##### DATA TO USE #####

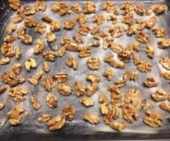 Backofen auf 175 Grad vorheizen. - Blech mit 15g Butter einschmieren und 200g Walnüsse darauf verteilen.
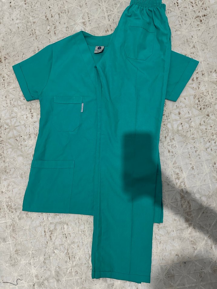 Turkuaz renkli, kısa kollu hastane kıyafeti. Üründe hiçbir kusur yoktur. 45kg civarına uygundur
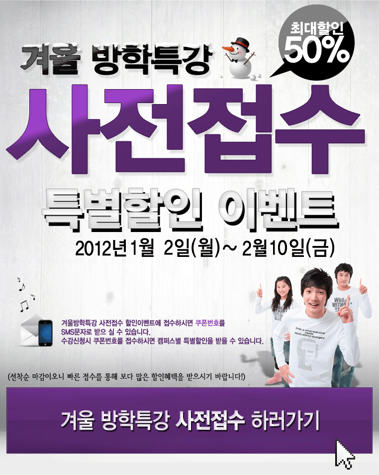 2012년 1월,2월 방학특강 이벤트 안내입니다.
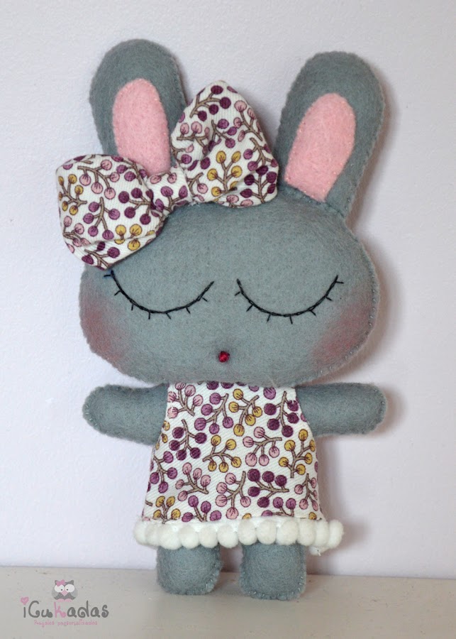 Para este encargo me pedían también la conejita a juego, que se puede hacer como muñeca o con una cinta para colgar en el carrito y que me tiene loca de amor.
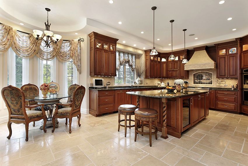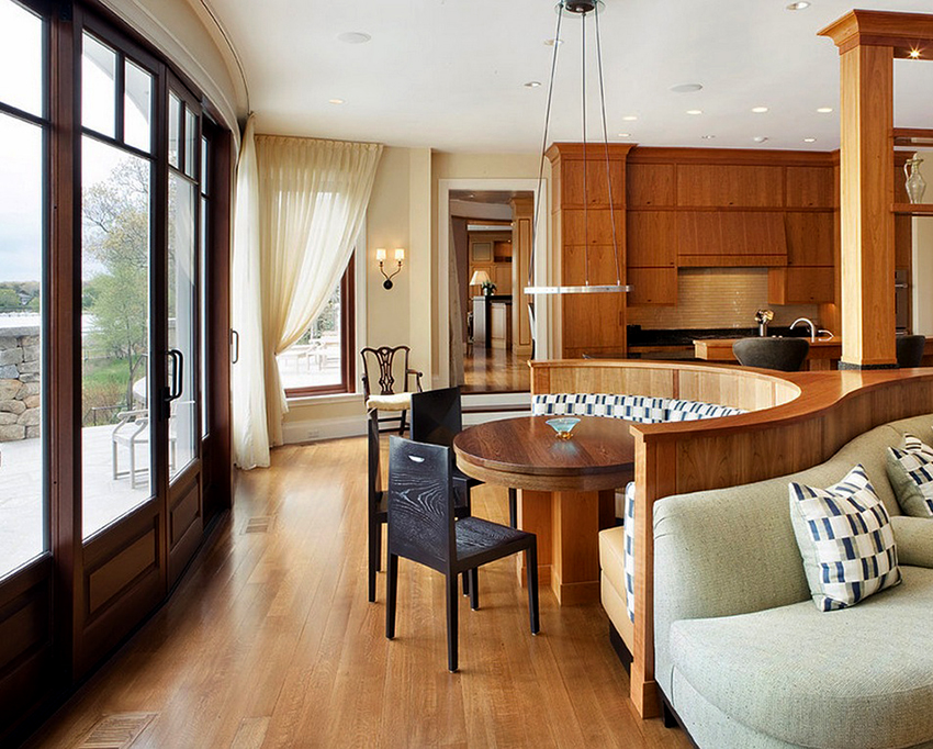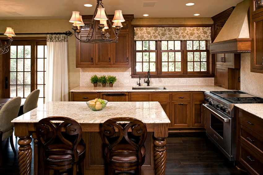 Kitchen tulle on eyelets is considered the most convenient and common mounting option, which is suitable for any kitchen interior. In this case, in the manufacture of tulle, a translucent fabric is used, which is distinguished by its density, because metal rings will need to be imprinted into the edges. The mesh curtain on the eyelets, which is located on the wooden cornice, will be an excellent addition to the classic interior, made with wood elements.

#####
##### DATA TO USE #####

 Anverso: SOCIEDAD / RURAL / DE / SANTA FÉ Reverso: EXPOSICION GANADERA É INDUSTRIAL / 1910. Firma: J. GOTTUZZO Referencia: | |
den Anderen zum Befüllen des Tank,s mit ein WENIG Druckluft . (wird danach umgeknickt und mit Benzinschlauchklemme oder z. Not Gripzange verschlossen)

#####
##### DATA TO USE #####

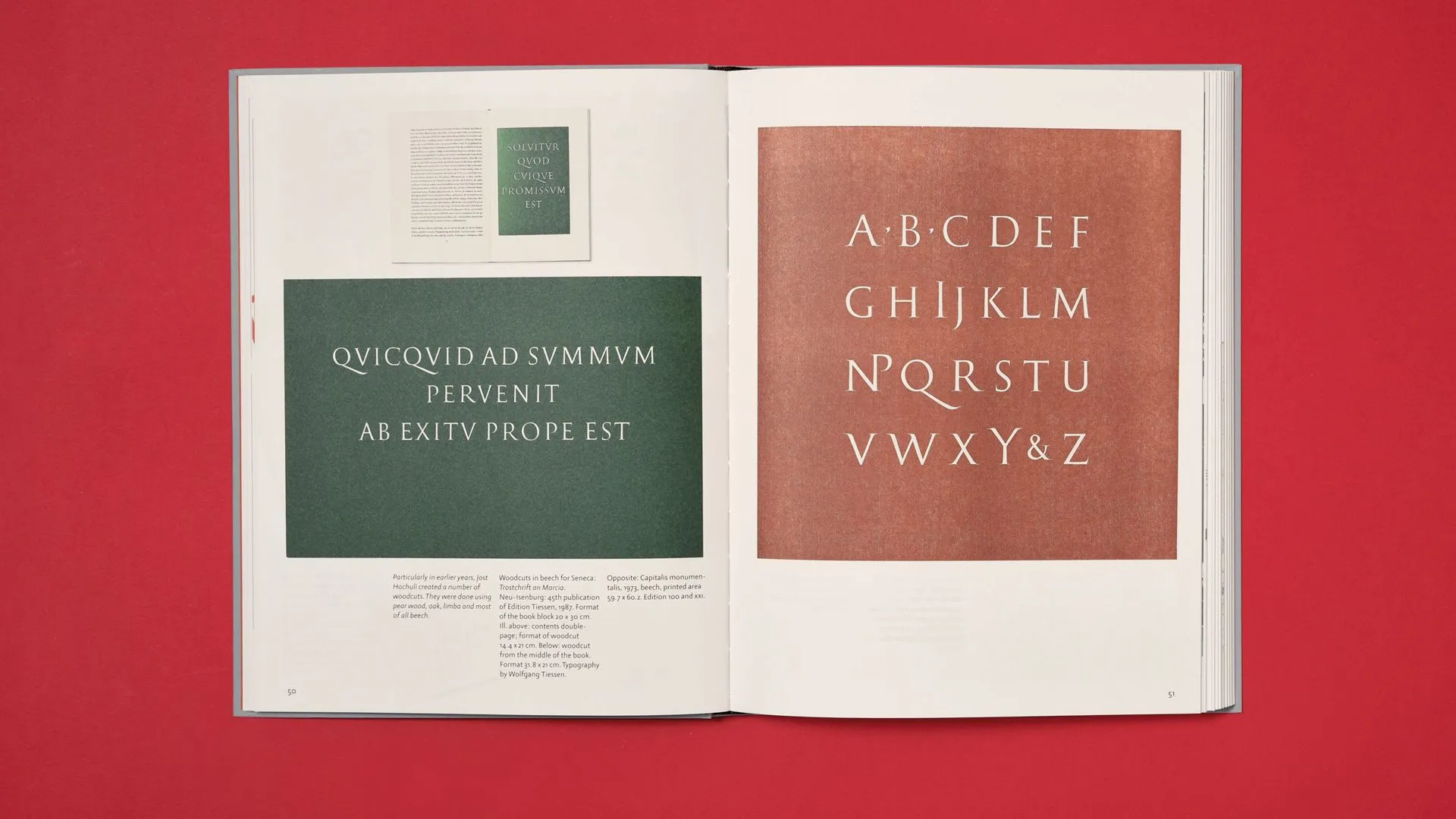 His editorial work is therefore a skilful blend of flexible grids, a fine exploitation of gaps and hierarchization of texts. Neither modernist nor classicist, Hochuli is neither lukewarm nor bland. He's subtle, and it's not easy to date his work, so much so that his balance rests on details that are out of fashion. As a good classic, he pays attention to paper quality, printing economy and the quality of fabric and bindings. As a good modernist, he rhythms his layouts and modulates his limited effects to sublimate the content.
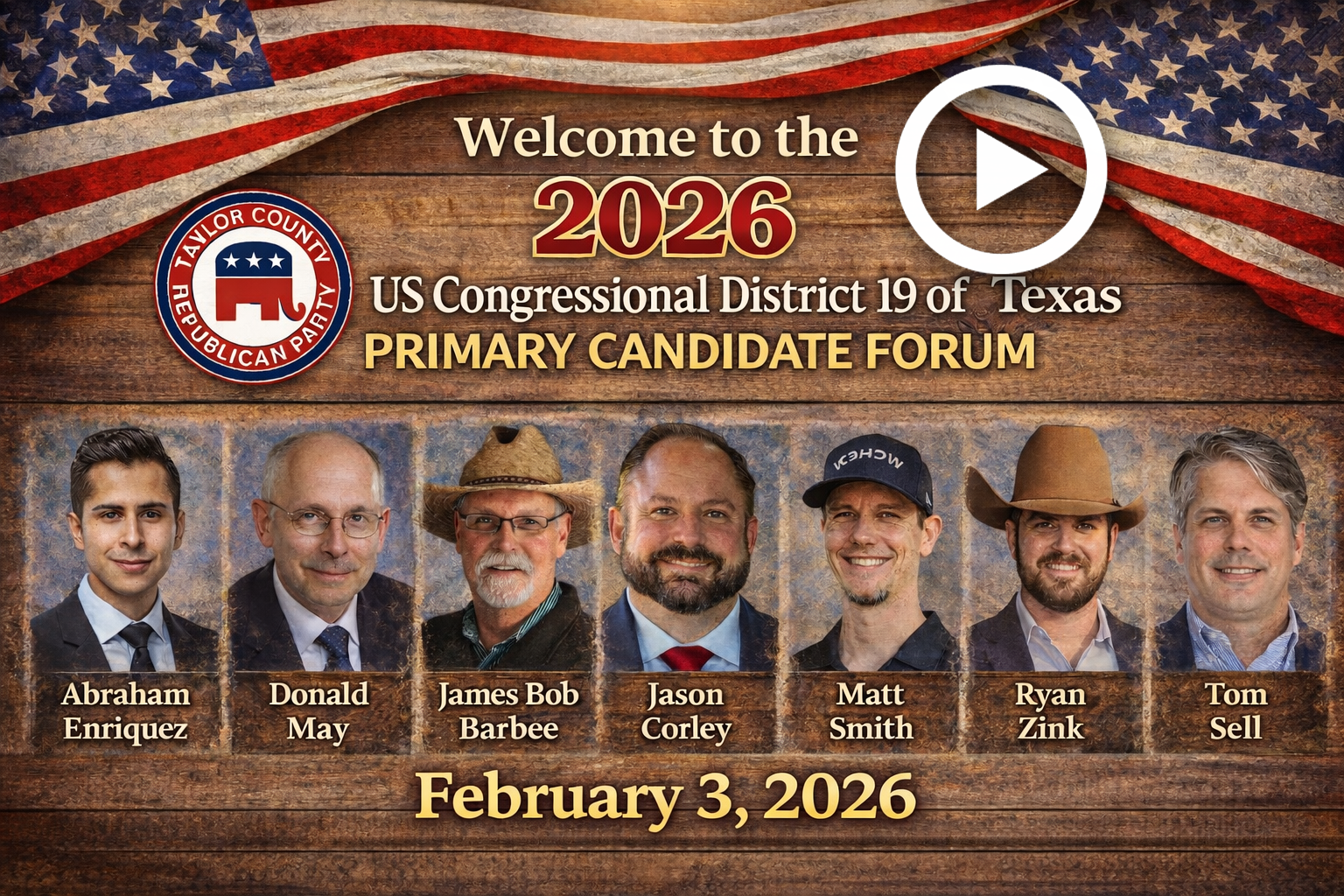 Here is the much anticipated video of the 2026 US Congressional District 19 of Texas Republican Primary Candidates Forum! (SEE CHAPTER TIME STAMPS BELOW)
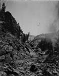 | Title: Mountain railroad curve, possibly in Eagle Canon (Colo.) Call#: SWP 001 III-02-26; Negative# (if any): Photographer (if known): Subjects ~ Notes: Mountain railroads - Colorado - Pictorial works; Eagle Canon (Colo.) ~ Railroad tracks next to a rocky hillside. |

#####

TASK STATEMENT »
Going back over the entries above, copy word for word every line from the one that has "Anverso: SOCIEDAD /" on through the one that has "den Anderen zum".

RESPONSE »
 Anverso: SOCIEDAD / RURAL / DE / SANTA FÉ Reverso: EXPOSICION GANADERA É INDUSTRIAL / 1910. Firma: J. GOTTUZZO Referencia: | |
den Anderen zum Befüllen des Tank,s mit ein WENIG Druckluft . (wird danach umgeknickt und mit Benzinschlauchklemme oder z. Not Gripzange verschlossen)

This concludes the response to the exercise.